Update. Auch der ATX ergrünt

Marktbericht. Nach schwächerem Start segelt der Wiener Leitindex im Windschatten festerer Euro-Börsen ins Plus.

Wien. Die Wiener Börse hat sich heute, Freitag, am Nachmittag bei durchschnittlichem Volumen mit freundlicher Tendenz gezeigt. Der ATX wurde um 14.15 Uhr mit 2.492,27 Punkten errechnet, das ist ein Plus von 7,5 Punkten bzw. 0,30 Prozent. Zum Vergleich: DAX/Frankfurt +0,18 Prozent, FTSE/London +0,35 Prozent und CAC-40/Paris +0,41 Prozent.
Auch die europäischen Leitbörsen präsentierten sich am Nachmittag nach einem schwachen Frühhandel überwiegend im Plus. Gemischte Vorgaben aus Übersee sowie Sorgen um ein baldiges Ende der ultra-lockeren Geldpolitik der US-Notenbank Fed haben der Stimmung am Vormittag noch einen leichten Dämpfer versetzt, hieß es aus dem Handel. Am späteren Nachmittag dürften neue Daten aus den USA in den Fokus rücken. Auf der Agenda stehen der Verbrauchervertrauensindex der Universität Michigan sowie der US-Index der Frühindikatoren.

Die Berichtssaison wurde heute mit den Zahlen von Uniqa und der Österreichischen Post fortgesetzt. Die Post hat im ersten Quartal 2013 besser verdient als in der Vorjahresperiode. So ist der operative Gewinn um 2,4 Prozent auf 59,7 Mio. Euro gestiegen. Der Umsatz ist hingegen nach der Dekonsolidierung des Geschäfts in Belgien und Luxemburg leicht gefallen. Der Ausblick auf das Gesamtjahr bleibt unverändert, es wird ein stabiler bis leicht steigender Umsatz erwartet. Die Titel der Post erhöhten sich um minimale 0,02 Prozent auf 31,50 Euro.
Dagegen legten Uniqa um deutliche 3,37 Prozent auf 10,75 Euro zu. Der Versicherungskonzern ist gut ins Jahr 2013 gestartet und hat mit einer Steigerung des Nettogewinns auf das Zweieinhalbfache im ersten Quartal die Analystenprognosen übertroffen. Das Konzernergebnis legte um 150 Prozent von 30 auf 76 Mio. Euro zu, erwartet waren im Schnitt 65 Mio. Euro.

Stärkster Wert im prime market waren unterdessen Kapsch TrafficCom, die sich um 3,60 Prozent auf 38,70 Euro verteuerten. Gut gesucht waren auch Strabag, welche um 2,88 Prozent auf 17,85 Euro nach oben korrigierten. Am Vortag waren die Aktien noch um fast sechs Prozent ans Ende der Wiener Kurstafel gesackt.

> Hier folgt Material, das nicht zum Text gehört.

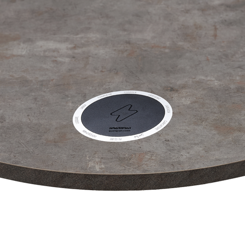 Relic Table Top, 48" round, with (3) flat pack wireless chargers installed, with (3) flat pack wireless chargers installed, 1" thick, MDF core, melamine surface with PVC self-edge, rustic copper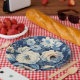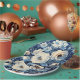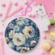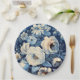 Prato De Papel Rosas Brancas no Fundo Azul Indigo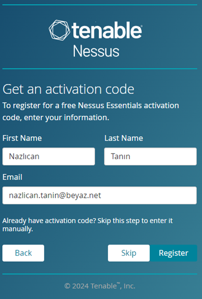 7- Aktivasyon kodu girildikten sonra kurulum başlar ve Nessus ekranı açılır.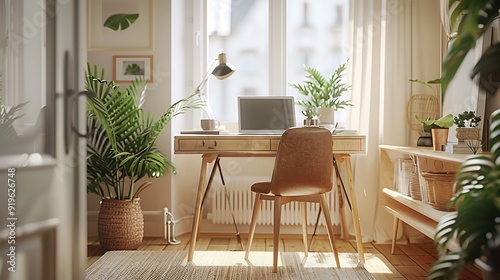 A personalized freelancer's nook with a sleek desk, an ergonomic chair, and a few personal decor items, featuring a laptop, a cup of tea, and some plants,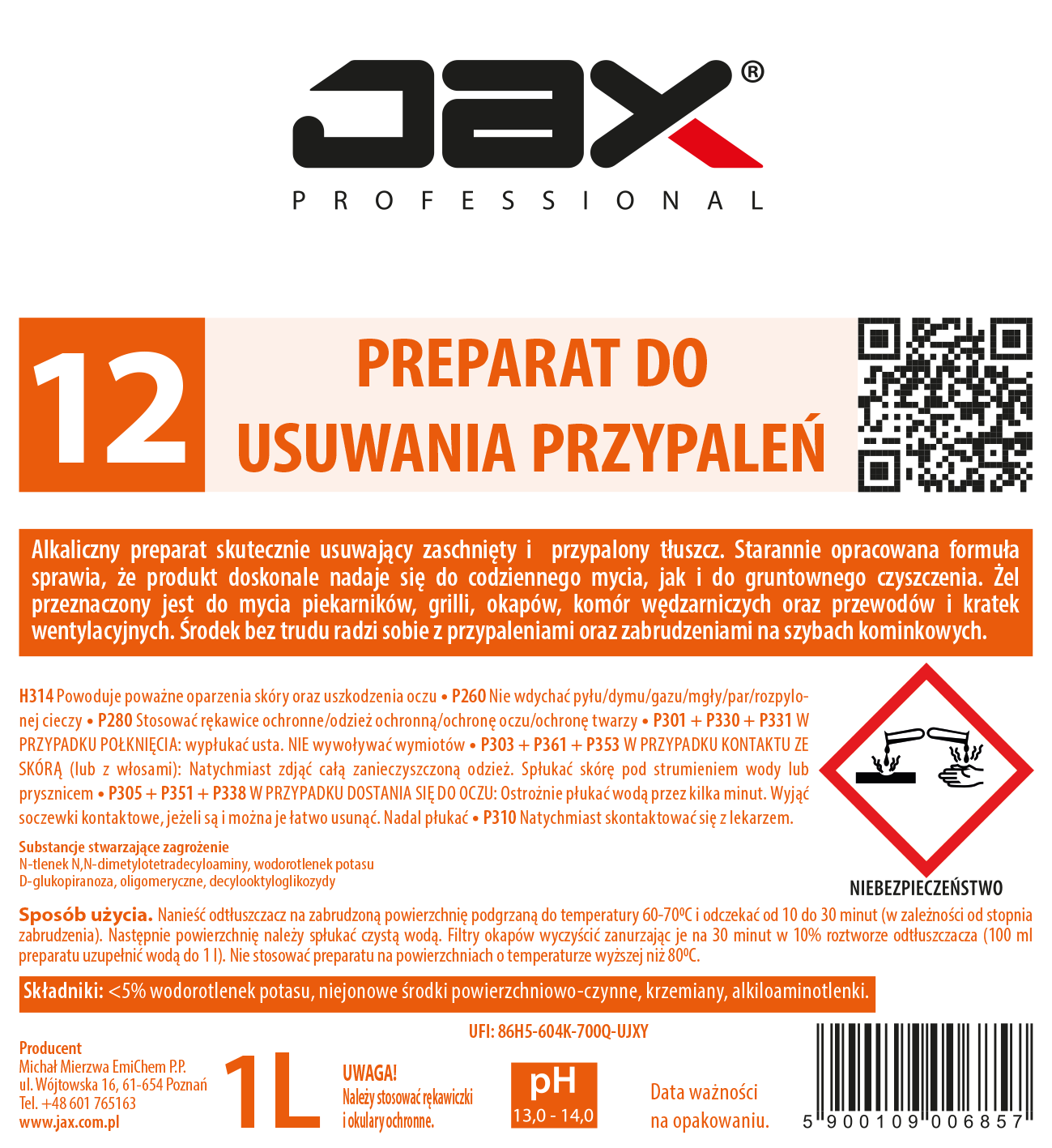 JAX PROFESSIONAL 12 1L - PŁYN DO USUWANIA PRZYPALEŃ do czyszczenia piekarników, okapów, grilli, do przewodów i kratek wentylacyjnych do usuwania zaschniętego przypalonego tłuszczu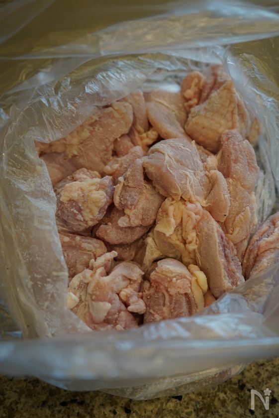 (1) ポリ袋に鶏もも肉、こめの香(グルテンフリー)をいれて全体にまぶす。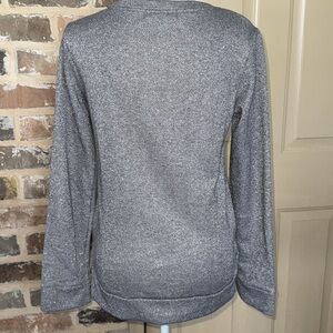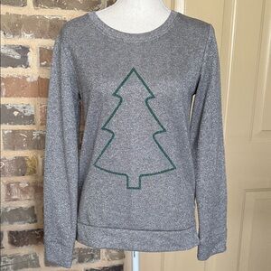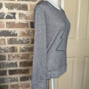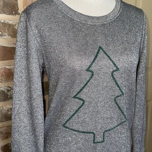Southern Grace silvery gray Sparkle Sweater Crewneck Sweatshirt. Long Sleeves, banded cuffs and hem and a simple green tree detail. Size Small. Perfect for cozy fall or winter holiday events. Poly/Linen blend. Approximate measurements in photos. Excellent condition. Never worn.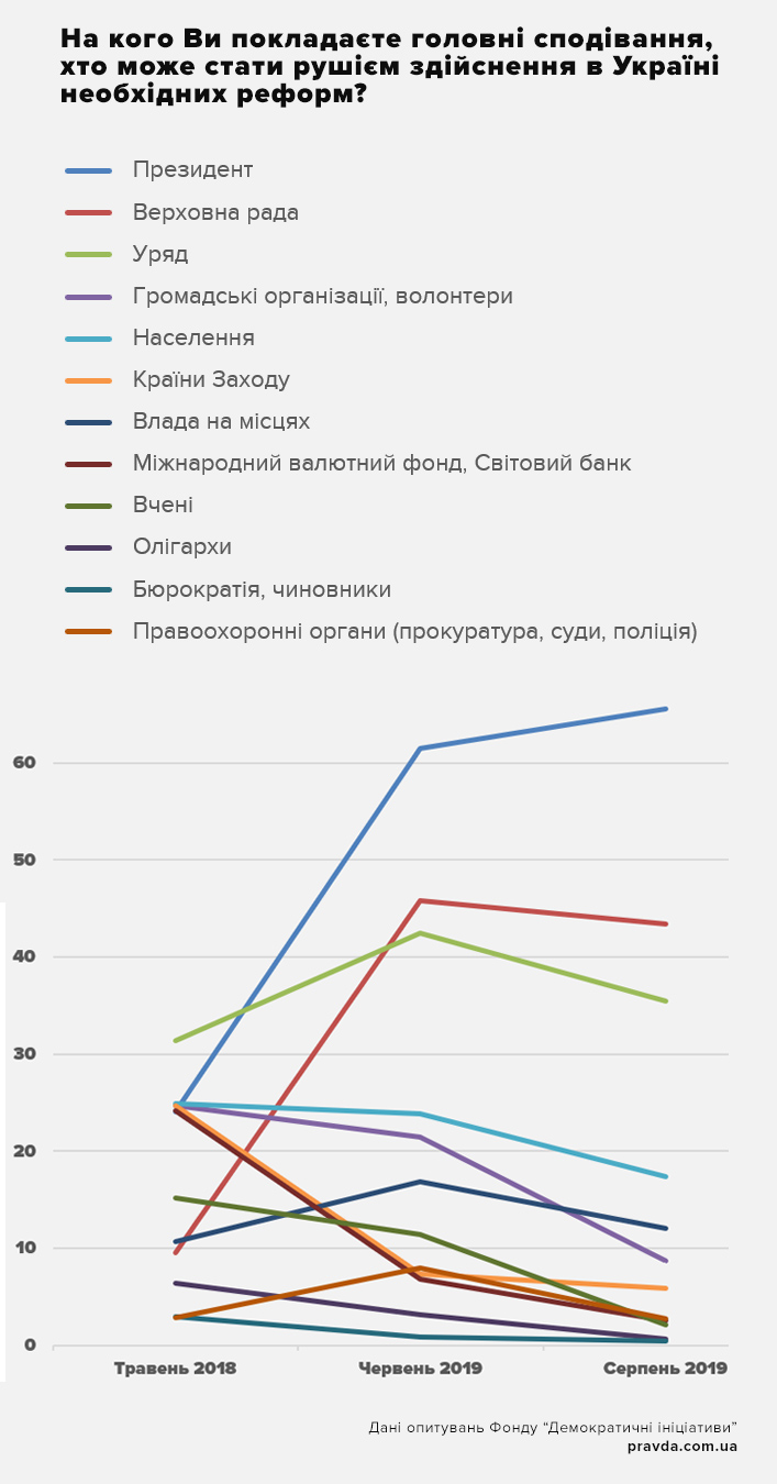 Після обрання Володимира Зеленського ситуація кардинально змінилась: президента як головного гаранта просування реформ у країні стали розглядати 61,5%, майбутню Верховну Раду – 46%, а уряд – 42,5% опитаних.

RHI zogen um 0,71 Prozent auf 27,50 Euro an. Die Analysten der Raiffeisen Centrobank (RCB) haben ihr Kursziel für die Papiere von 31,50 Euro auf 32,50 Euro angehoben. Die Kaufempfehlung „Buy" bleibt indessen aufrecht.

Unter den ATX-Schwergewichten zeigten sich die Bankwerte wenig bewegt. Während Raiffeisen um 0,13 Prozent auf 26,96 Euro vorrückten, gaben Erste Bank minimale 0,02 Prozent nach. Daneben zogen OMV um 1,14 Prozent auf 39,10 Euro an und voestalpine stiegen um 1,70 Prozent auf 25,48 Euro.

Das bisherige Tageshoch verzeichnete der ATX gegen 14.15 Uhr bei 2.492,27 Punkten, das Tagestief lag kurz nach 10.30 Uhr bei 2.472,07 Einheiten. Der ATX Prime notierte mit einem Plus von 0,36 Prozent bei 1.225,17 Zählern. Um 14.15 Uhr notierten im prime market 24 Titel mit höheren Kursen, elf mit tieferen und einer unverändert. In einer Aktie kam es bisher zu keiner Kursbildung.

Bis dato wurden im prime market 2.331.853 (Vortag: 2.795.387) Stück Aktien umgesetzt (Einfachzählung) mit einem Kurswert von rund 74,26 (83,29) Mio. Euro (Doppelzählung). Umsatzstärkstes Papier ist bisher Erste Group mit 363.408 gehandelten Aktien, was einem Kurswert von rund 18,62 Mio. Euro entspricht.